# Performance Metrics and Calibration Curves.

In this week, we're going to evaluate our semi-supervised model from Week 5 and take a deeper look at how it performs for each class, as well as the calibration of the confidence it produces.

To do this, we're going to follow these steps:
1. Initialise the notebook by loading necessary libraries.
2. Load the test data for evaluation. 
3. Initialise our student network and load the pretrained weights from last week.
4. Test the student network on the test data, collecting all predictions, the associated confidence, and the ground-truth class.
5. Create a confidence calibration curve.
6. Investigate the precision and recall of each class.

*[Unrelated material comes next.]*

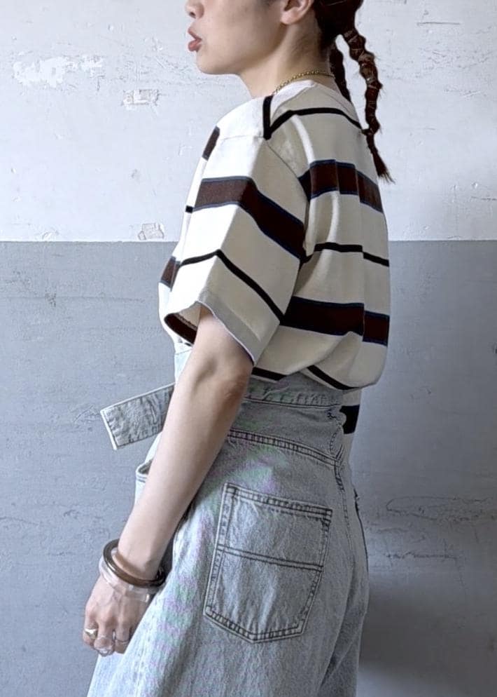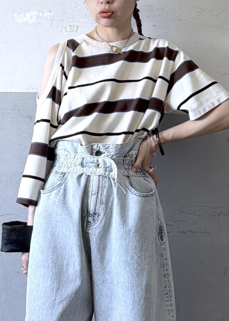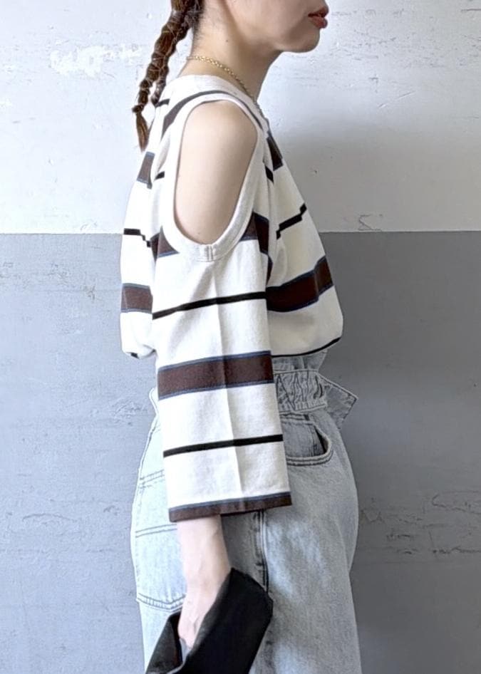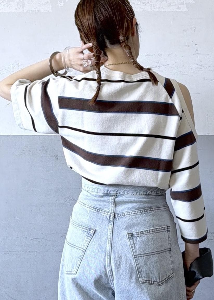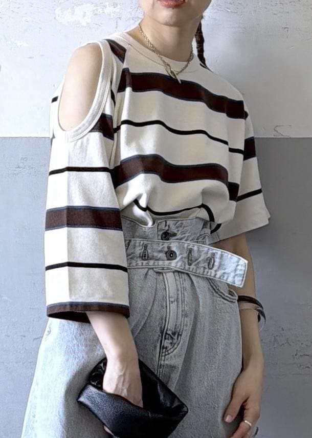 ボーダーでもチラッと肌見せ部分があるだけで女っぽさが出るのがかわいい♡

# 1) Initialise the notebook with libraries

Let's load in any libraries we will use in this notebook. We're going to install weights and biases (wandb) as it does not come by default in this environment.

In [None]:
import numpy as np
import matplotlib.pyplot as plt

import torch
import torch.nn as nn
import torch.nn.functional as F
import torch.optim as optim

import torchvision
import torchvision.transforms as transforms

import glob
from PIL import Image

import tqdm

# 2) Load the labelled test data and prepare for evaluation

## 2a) Load the test dataset

Last week, we saw that we can load data with this format by:
1. Applying transformations -- by default, the most basic is [transforms.ToTensor()](https://pytorch.org/vision/stable/generated/torchvision.transforms.ToTensor.html), [transforms.Resize()](https://pytorch.org/vision/stable/generated/torchvision.transforms.Resize.html) and [transforms.Normalize()](https://pytorch.org/vision/stable/generated/torchvision.transforms.Normalize.html).
2. Load the datasets in with [torchvision.datasets.ImageFolder](https://pytorch.org/vision/stable/generated/torchvision.datasets.ImageFolder.html).

**If this is unfamiliar, please review the Week 4 practical.**

In [None]:
transform = transforms.Compose(
    [transforms.ToTensor(),
    transforms.Resize((224, 224), antialias = True), 
     transforms.Normalize((0.5, 0.5, 0.5), (0.5, 0.5, 0.5))])

test_dataset = torchvision.datasets.ImageFolder('../Week 5/stanford_dogs_semi-supervised/labelled/Test/', transform = transform)

class_labels = test_dataset.classes
num_classes = len(class_labels)

print(f'Dataset has {num_classes} classes, which are: {class_labels}')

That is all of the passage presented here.